Records drawn from a dataset
--- START ---
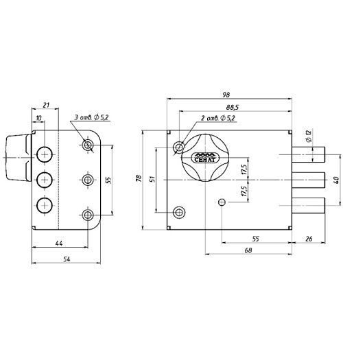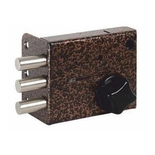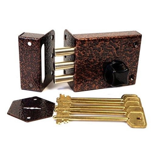 Замок накладной СЕНАТ ЗНС-10-3 (5 ключей) Засов из трех стальных цилиндров диаметром 12 мм., с внутренней стороны открывается и закрывается ручкой (постоянным ключом), с наружи – комплектным ключом с двумя бородками. Удаление ключевого отверстия -55 мм. Количество полуоборотов ключа - 2. Габариты замка - 98х78х21 мм.
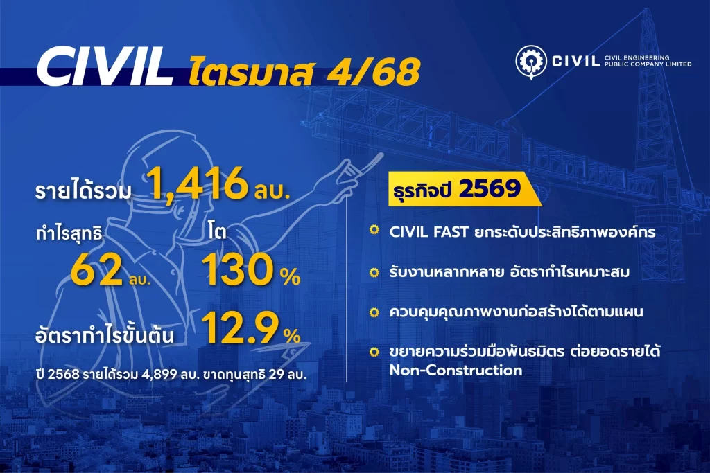 CIVIL เผยผลประกอบการไตรมาส 4/68 รายได้รวม 1,416 ล้านบาท กำไรสุทธิ 62 ล้านบาท โต 130% กลยุทธ์ FAST ยกระดับองค์กร ดันส่งมอบ 22 โครงการ มูลค่า 2,599 ล้านบาท เดินหน้าแผนรับงานส่งมอบเร็ว เพิ่มประสิทธิภาพการดำเนินงาน บริหารต้นทุนรัดกุม รักษาเสถียรภาพธุรกิจ
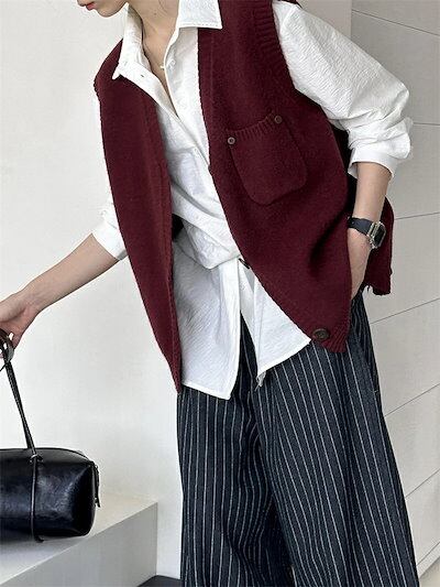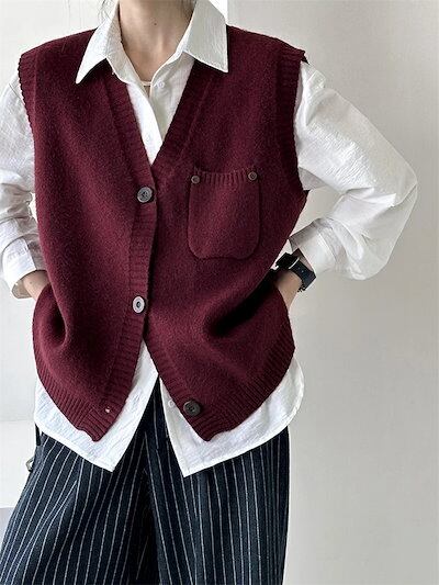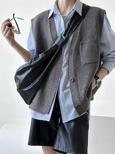 ニット ベスト レディース ニットベスト ジレ Vネック ニットアウター セーター ノースリーブ レイヤード ニットトップス 重ね着 ショート丈 春 秋 ジャケット ポケット付き 無地 ショート 柔ら
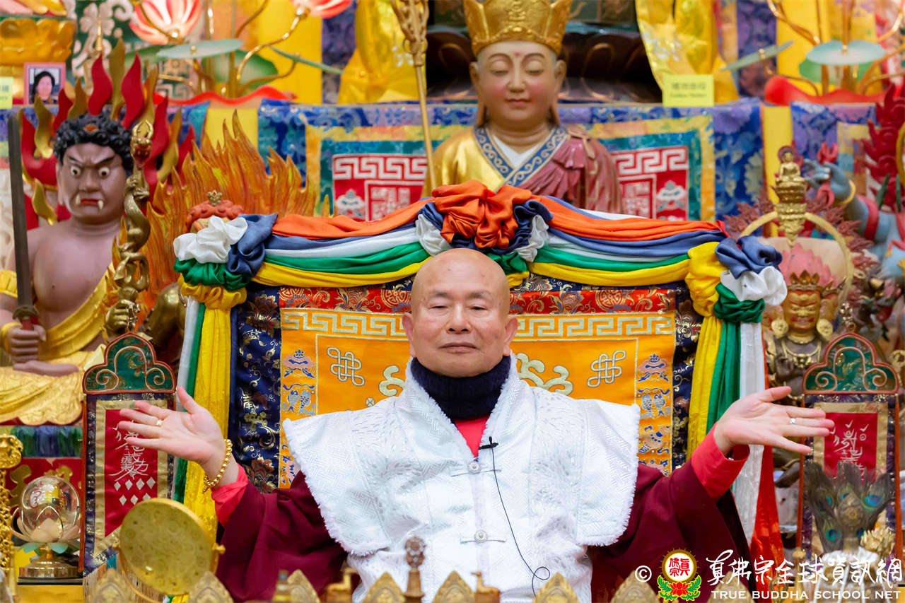 聖尊精彩寶貴的法語開示後,慈悲為新皈依弟子做皈依灌頂,並加持大悲咒水、開光佛像,及持拂塵加持與會眾等。
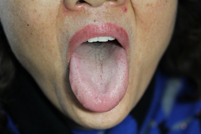 这个跟上一个类似,也是中间凹陷,前面有一些小点,他这个气比较足,亮度稍好一些,小点子长得比较大,舌头上没有那么多水液了,舌根看到比较清楚。
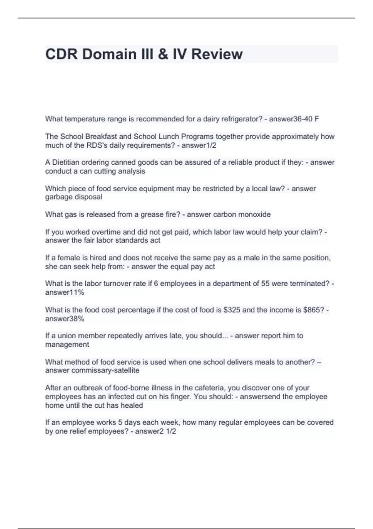 CDR Domain III & IV Review Questions and Answers 100% Accurate
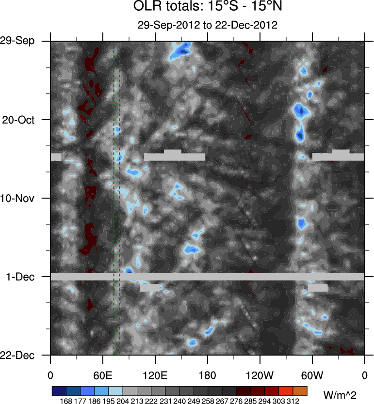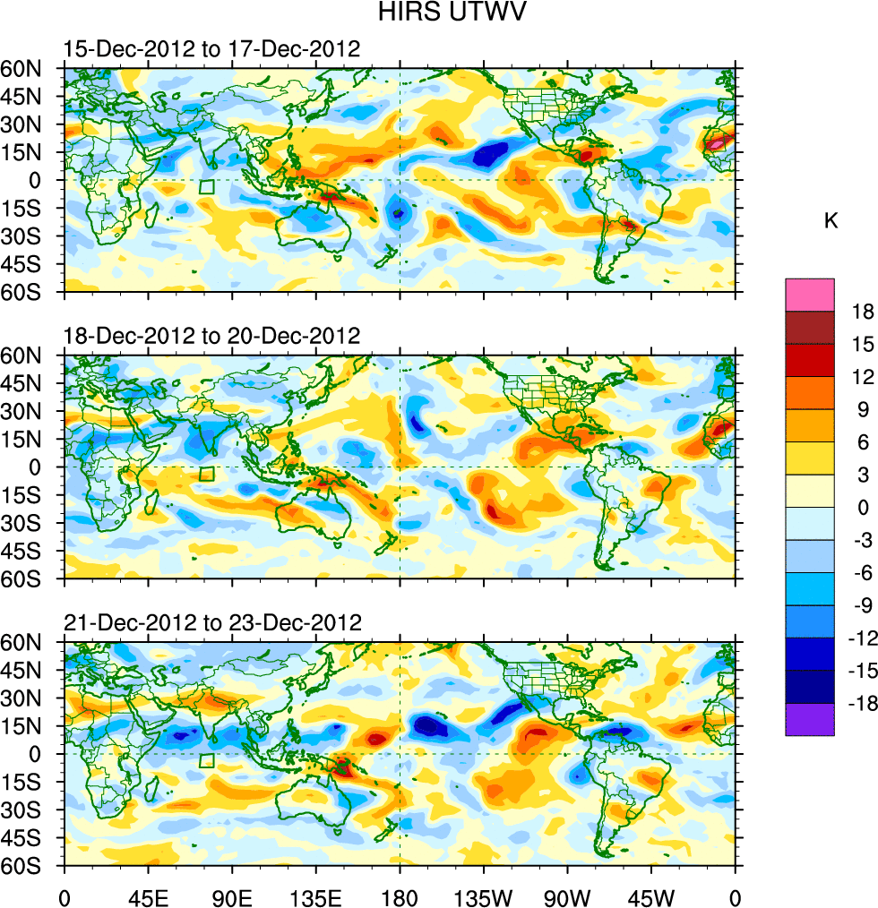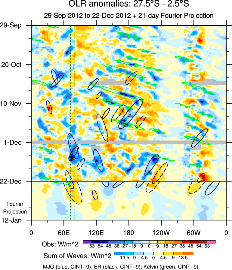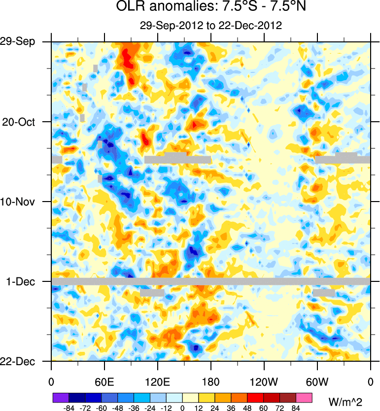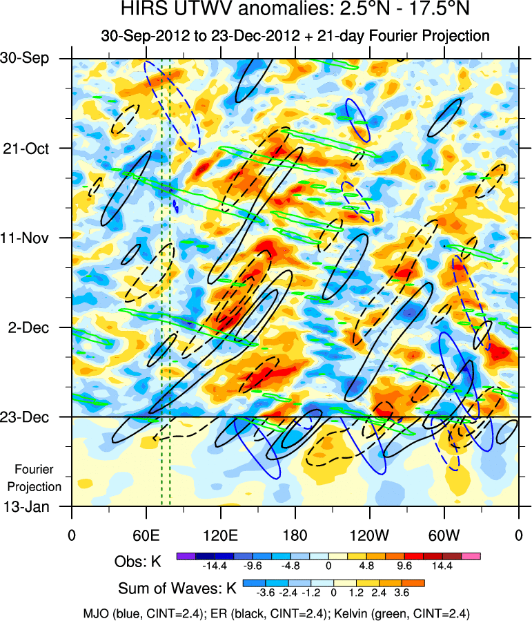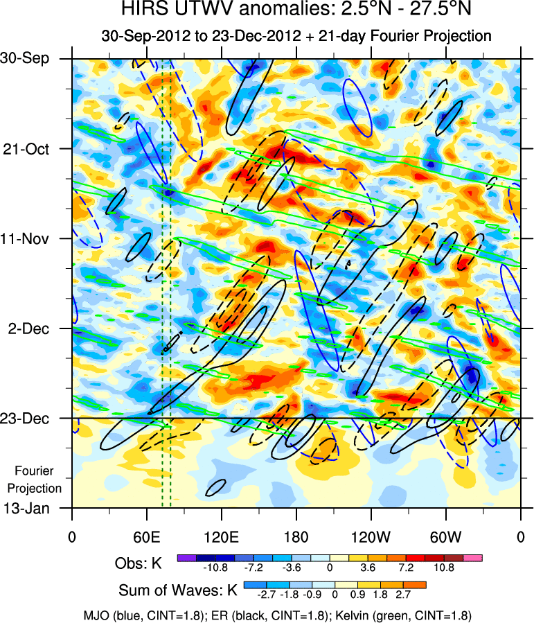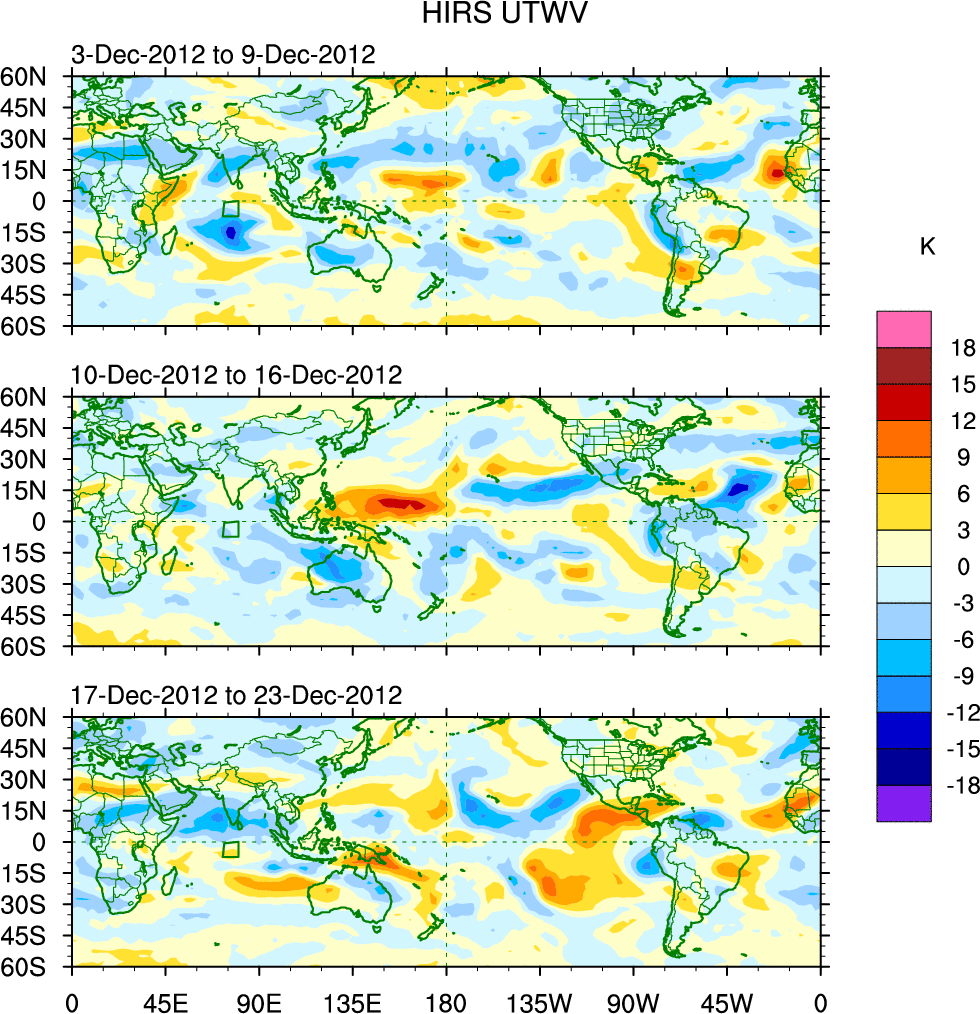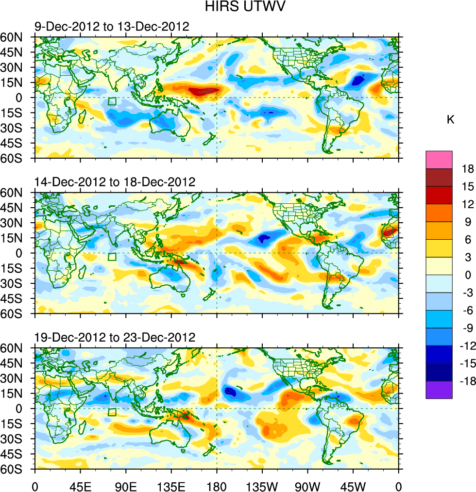 To identify tropical waves in near real-time, the OLR and UTWV data are filtered following Wheeler & Weickmann (2001 MWR). The daily anomalies are calculated using the first 3 harmonics of the seasonal cycle for 1979–2009. Missing values are then filled using linear interpolation in space and time. The most recent 365 days of anomalies are padded with 659 days of zeroes, and the result is filtered for each wave type.
--- END ---
▶ [Problem requirements]: The response should consist of the entries above, given again exactly and free of pictures.

▶ [Answer below]:
 Замок накладной СЕНАТ ЗНС-10-3 (5 ключей) Засов из трех стальных цилиндров диаметром 12 мм., с внутренней стороны открывается и закрывается ручкой (постоянным ключом), с наружи – комплектным ключом с двумя бородками. Удаление ключевого отверстия -55 мм. Количество полуоборотов ключа - 2. Габариты замка - 98х78х21 мм.
 CIVIL เผยผลประกอบการไตรมาส 4/68 รายได้รวม 1,416 ล้านบาท กำไรสุทธิ 62 ล้านบาท โต 130% กลยุทธ์ FAST ยกระดับองค์กร ดันส่งมอบ 22 โครงการ มูลค่า 2,599 ล้านบาท เดินหน้าแผนรับงานส่งมอบเร็ว เพิ่มประสิทธิภาพการดำเนินงาน บริหารต้นทุนรัดกุม รักษาเสถียรภาพธุรกิจ
 ニット ベスト レディース ニットベスト ジレ Vネック ニットアウター セーター ノースリーブ レイヤード ニットトップス 重ね着 ショート丈 春 秋 ジャケット ポケット付き 無地 ショート 柔ら
 聖尊精彩寶貴的法語開示後,慈悲為新皈依弟子做皈依灌頂,並加持大悲咒水、開光佛像,及持拂塵加持與會眾等。
 这个跟上一个类似,也是中间凹陷,前面有一些小点,他这个气比较足,亮度稍好一些,小点子长得比较大,舌头上没有那么多水液了,舌根看到比较清楚。
 CDR Domain III & IV Review Questions and Answers 100% Accurate
 To identify tropical waves in near real-time, the OLR and UTWV data are filtered following Wheeler & Weickmann (2001 MWR). The daily anomalies are calculated using the first 3 harmonics of the seasonal cycle for 1979–2009. Missing values are then filled using linear interpolation in space and time. The most recent 365 days of anomalies are padded with 659 days of zeroes, and the result is filtered for each wave type.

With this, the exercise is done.